Your objective
Here the job is to print only the lines from the one containing "Identique à la figure" to the end of the entries, both included, exactly as they stand, with pictures excluded.

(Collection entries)
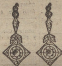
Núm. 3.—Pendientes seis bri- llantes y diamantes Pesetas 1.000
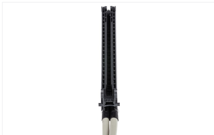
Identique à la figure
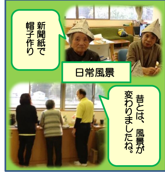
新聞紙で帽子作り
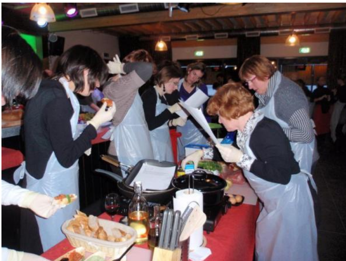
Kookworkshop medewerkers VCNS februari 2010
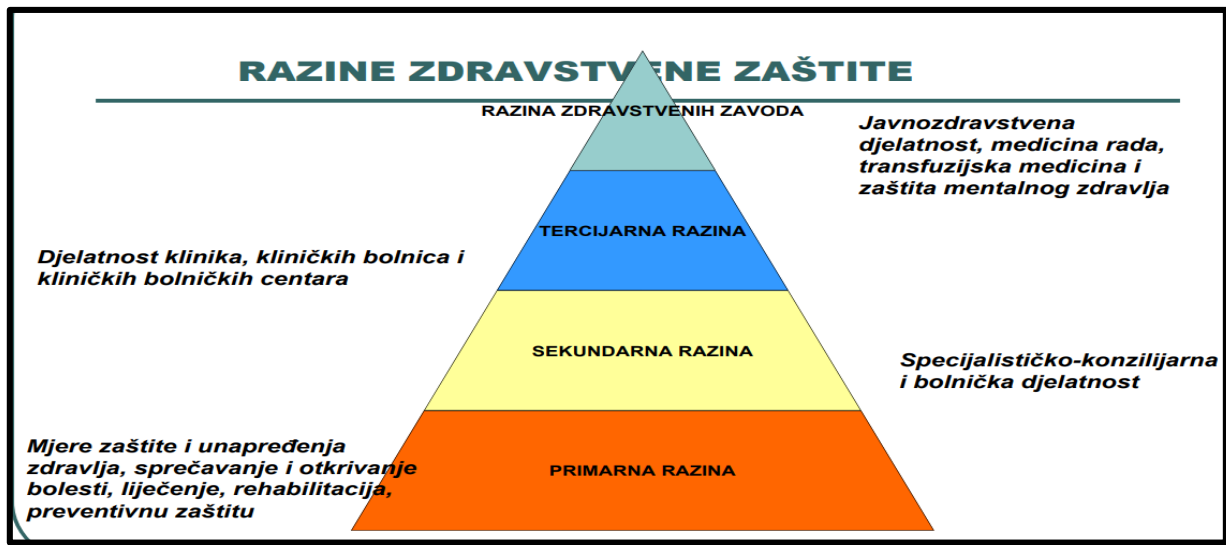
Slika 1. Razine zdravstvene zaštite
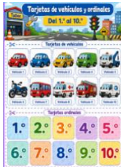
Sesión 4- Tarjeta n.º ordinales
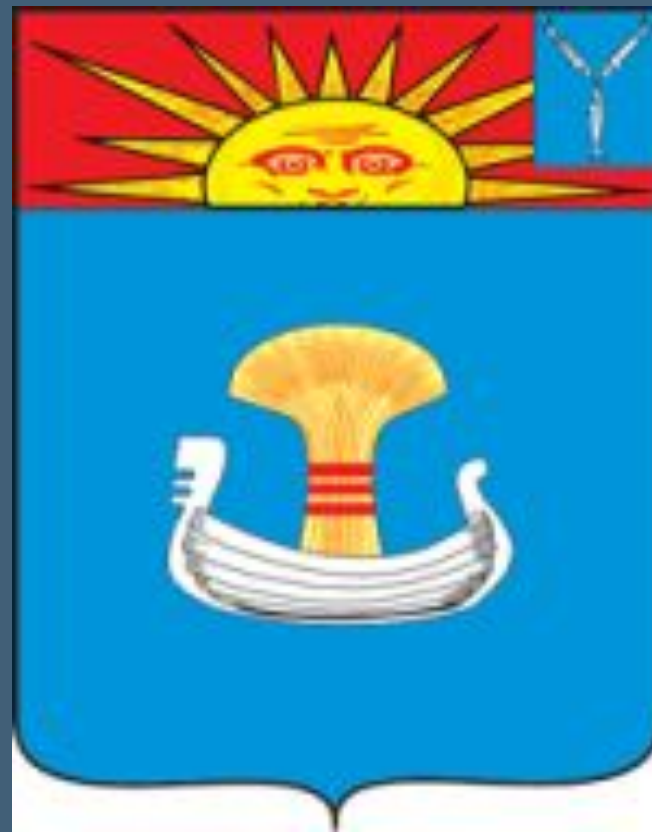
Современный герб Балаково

Exercise answer
Identique à la figure
新聞紙で帽子作り
Kookworkshop medewerkers VCNS februari 2010
Slika 1. Razine zdravstvene zaštite
Sesión 4- Tarjeta n.º ordinales
Современный герб Балаково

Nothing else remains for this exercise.